How I Use It
As an art educator, I find myself utilizing this app constantly with my students to help them explore concepts, explain what they understand, and in the higher elementary/middle school grades, create short tutorials to share what they are learning and exploring.
In grades k-4 my students use it in small groups as a digital whiteboard. I supply the artwork images, or they take photos, and students label the types of brushstrokes they see in grade 1, or label the parts of a Grandma Moses landscapes to learn the difference between foreground, middle ground, and background in grade 3. In grade two, I use it in connection to an architecture unit, where students draw on top of photographs of buildings to find the basic shapes. It is also used in grade 4 to help my students understand how to draw from observation. They photograph a series of still life objects, draw on top of them, and delete the photo, to help them understand how a cylinder, when drawn should have a slightly curved line for the top and bottom, and to understand the concept of showing depth via the technique of overlapping. Most of these activities could be done in an unplugged manner with a laminated photograph and dry erase marker, or with an interactive whiteboard, but by using the app I have more options. I am able to review students work after the fact, come back to their work when we are unable to finish exploring the concept I am teaching in one class period, and pinpoint each students understanding due to the small group work, as opposed to a class activity on the interactive whiteboard.
In the upper elementary grades, 4-6, I utilize the app in similar ways, as well as a creation tool, which can be a very engaging way to explore a concept. With little practice, my students create tutorials or informational presentations, by creating a series of slides, and recording a voiceover. I do this type of activity with my students in grades three and four, in connection to a color theory unit in grade three, and a watercolor unit in grade four. In grade three students quickly create a color wheel, and share information about their chosen color, and what a tint and shade is. The app allows me to quickly go through the activity of creating a color wheel, without the time it takes to make a color wheel traditionally, and it allows them to create a short video that explains what they know about color theory.

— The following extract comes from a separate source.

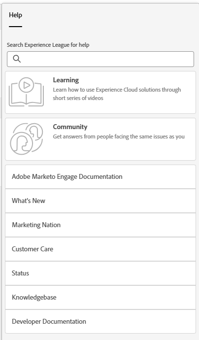 A Central de ajuda do Adobe Marketo Engage serve como um local centralizado para obter assistência. Além de estar vinculada a vários recursos (por exemplo, documentações de produto, informações de lançamento, comunidade da Marketing Nation), é possível acessar tutoriais úteis sobre o produto, organizados por nível de experiência.

In grade four, I ask students to create a tutorial video that teaches one of the watercolor techniques they have learned and will use in their nonobjective painting.
The benefit to this type of presentation, is that the child does not have to put themselves in the final video, and instead can use images they draw directly in the app, or pull photos/videos they have taken of their work, or of a technique they are practicing. The final step is a voiceover that can include a pointer to highlight information on the slide(s).
They only times I had problems with this app, was when I tried to use it without watching a short tutorial video. I didn't understand all of the capabilities of the app, and I didn't understand how to access additional features with a tap, for example to change the thickness of the drawing tool. I know I'm not utilizing all of the capabilities of the app, but for my students, k-6, when I know how to do works well. I'm excited to learn more about additional capabilities, to use it to develop educational content.
Compared to other digital whiteboard apps available, Explain Everything allows for more options overall, making it the only digital whiteboard app a student or classroom would need. The Explain Everything developers consider the app an 'interactive screencasting whiteboard app', which highlights the additional capabilities it has over other digital whiteboard apps. I highly recommended for the k-12 classroom, for use with students and for teachers creation of educational content. It is my go to app in my k-6 art room.